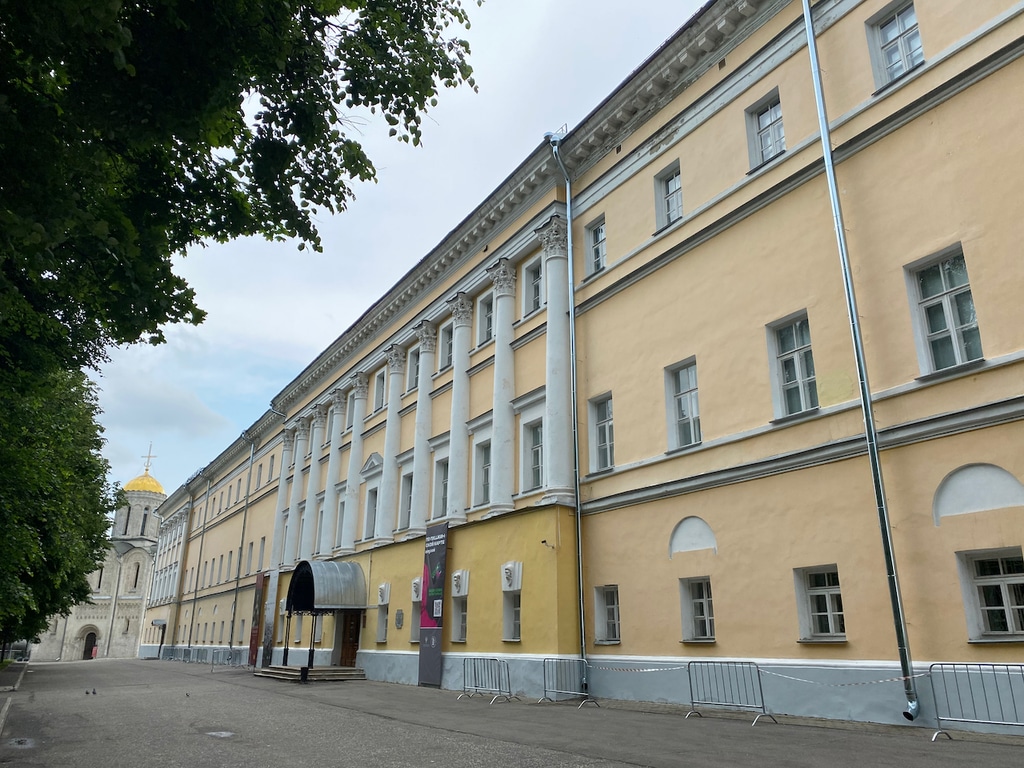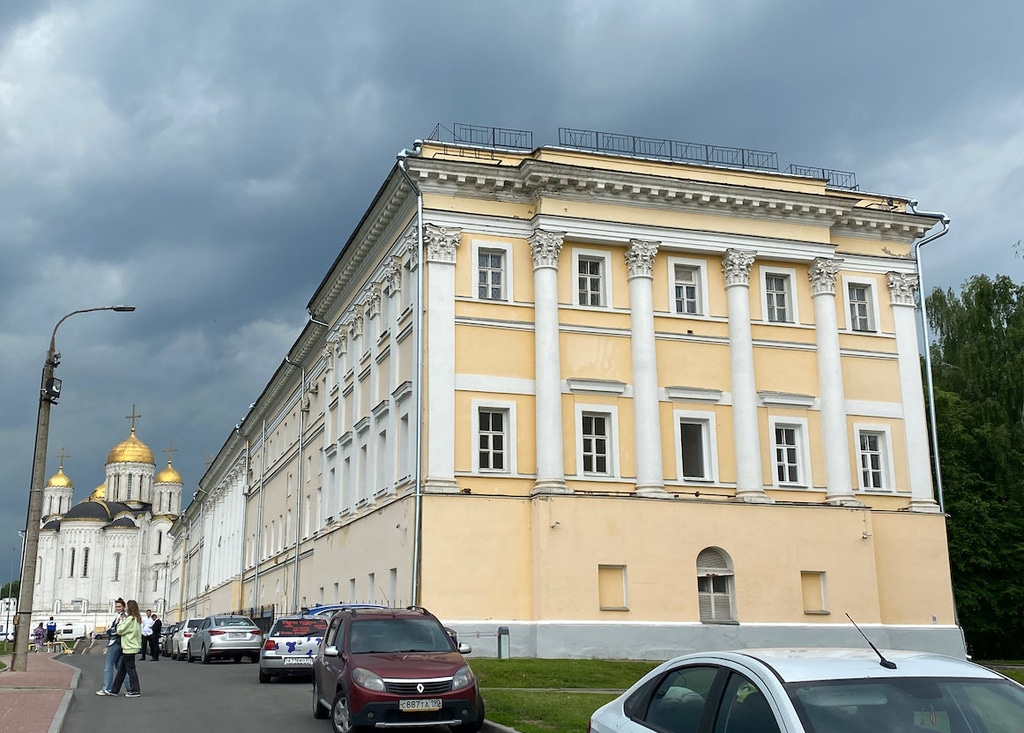 Здание присутственных мест построили в 1790 году еще при Екатерине II. Оно находится между Успенским и Дмитриевским соборами. До революции в нем работали царские губернские чиновники, после революции до 1990-х годов — тоже чиновники, но областные советские. Сегодня здание занимает музей.
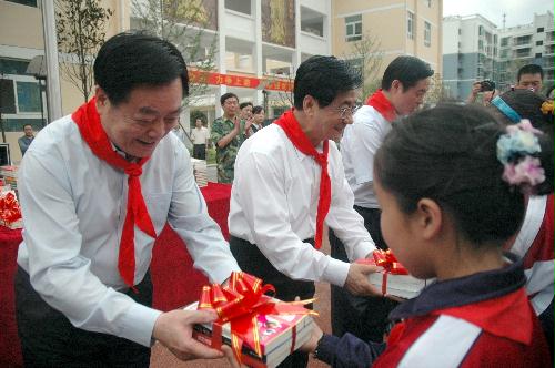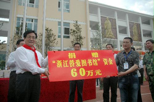 中新网6月25日电 据浙江侨网消息,近日,浙江省委书记、省人大常委会主任赵洪祝,在四川省委、省政府主要领导的陪同下,出席青川中学侨爱图书馆捐赠仪式,并向该校学生赠书。
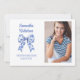 Bleu et blanc faire-part de graduation / invitation de fête personnalisée avec une photo du diplômé. Parfait pour les diplômés du secondaire ou de l'université. Contactez-moi pour obtenir de l'aide sur vos personnalisations ou pour demander une correspondance ou une coordination supplémentaire des produits Zazzle pour célébrer votre diplômé.
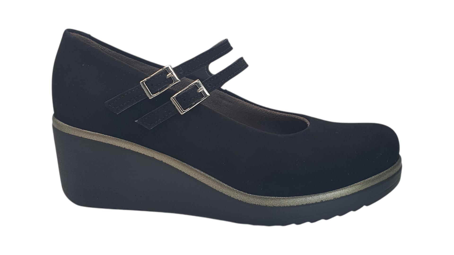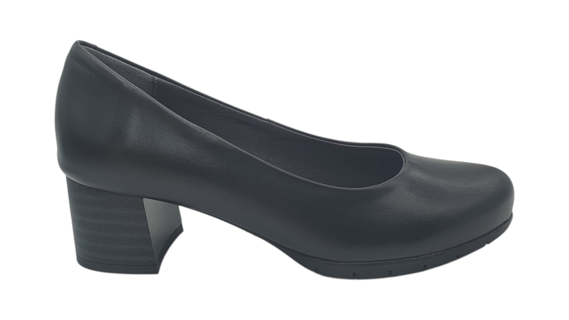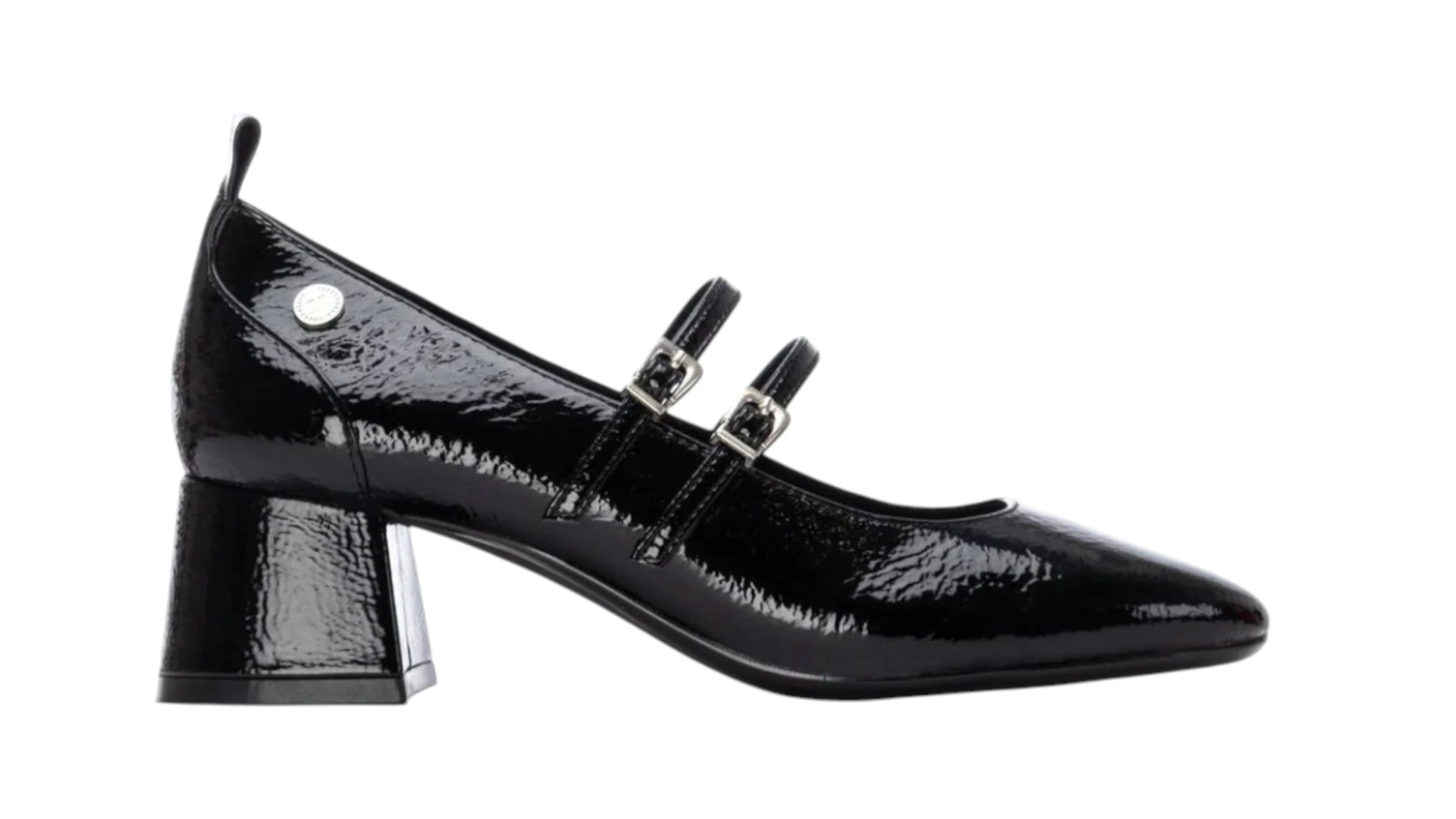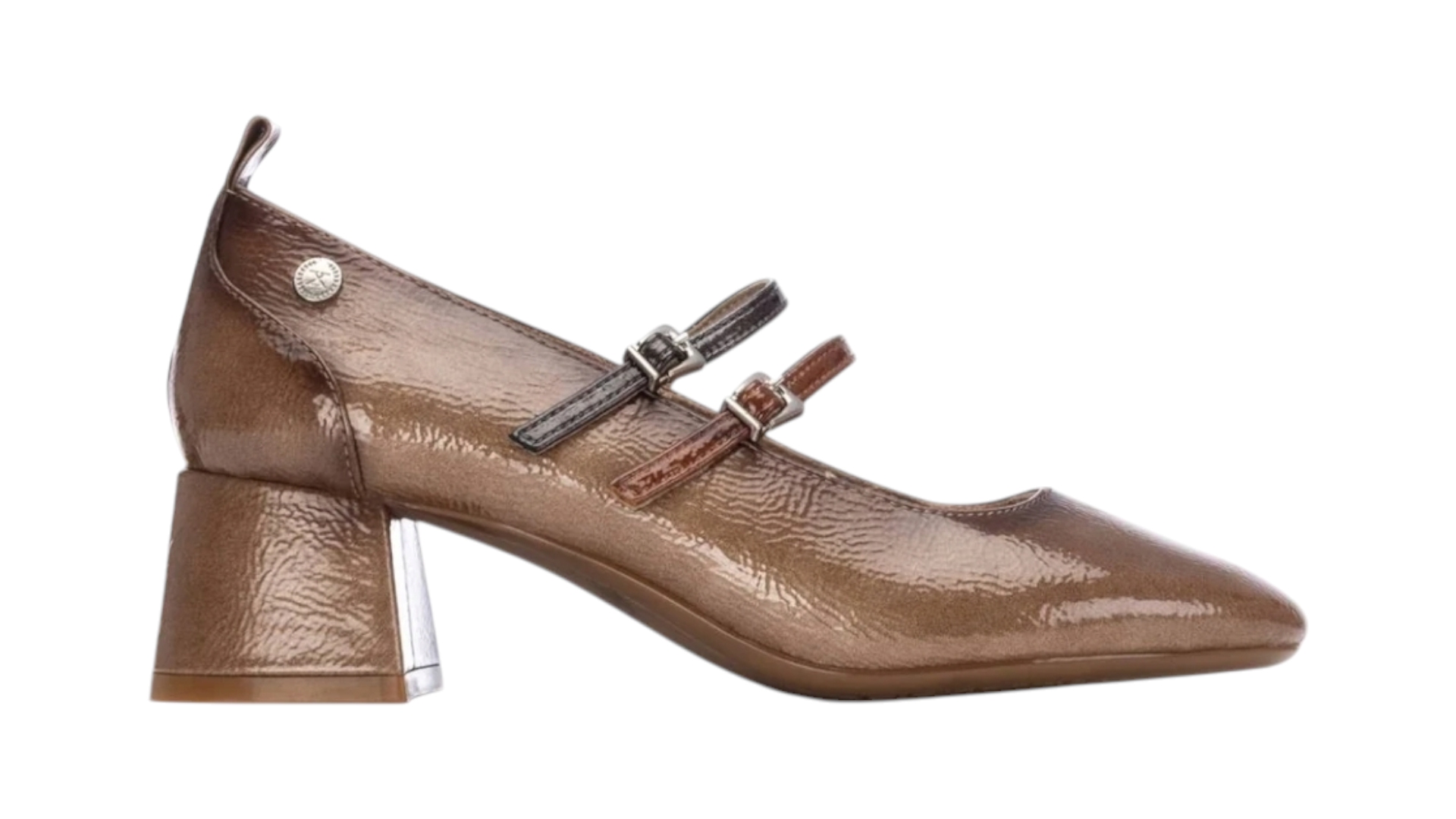 Zapato de mujer tipo mocasín, con gruesa suela de 5 cm de goma. Fabricado en material que imita al charol.

# # # # #

- What you need to do -
Word for word, give the data above again, without any images.

- Reply to the task -
 Здание присутственных мест построили в 1790 году еще при Екатерине II. Оно находится между Успенским и Дмитриевским соборами. До революции в нем работали царские губернские чиновники, после революции до 1990-х годов — тоже чиновники, но областные советские. Сегодня здание занимает музей.
 中新网6月25日电 据浙江侨网消息,近日,浙江省委书记、省人大常委会主任赵洪祝,在四川省委、省政府主要领导的陪同下,出席青川中学侨爱图书馆捐赠仪式,并向该校学生赠书。
 Bleu et blanc faire-part de graduation / invitation de fête personnalisée avec une photo du diplômé. Parfait pour les diplômés du secondaire ou de l'université. Contactez-moi pour obtenir de l'aide sur vos personnalisations ou pour demander une correspondance ou une coordination supplémentaire des produits Zazzle pour célébrer votre diplômé.
 Zapato de mujer tipo mocasín, con gruesa suela de 5 cm de goma. Fabricado en material que imita al charol.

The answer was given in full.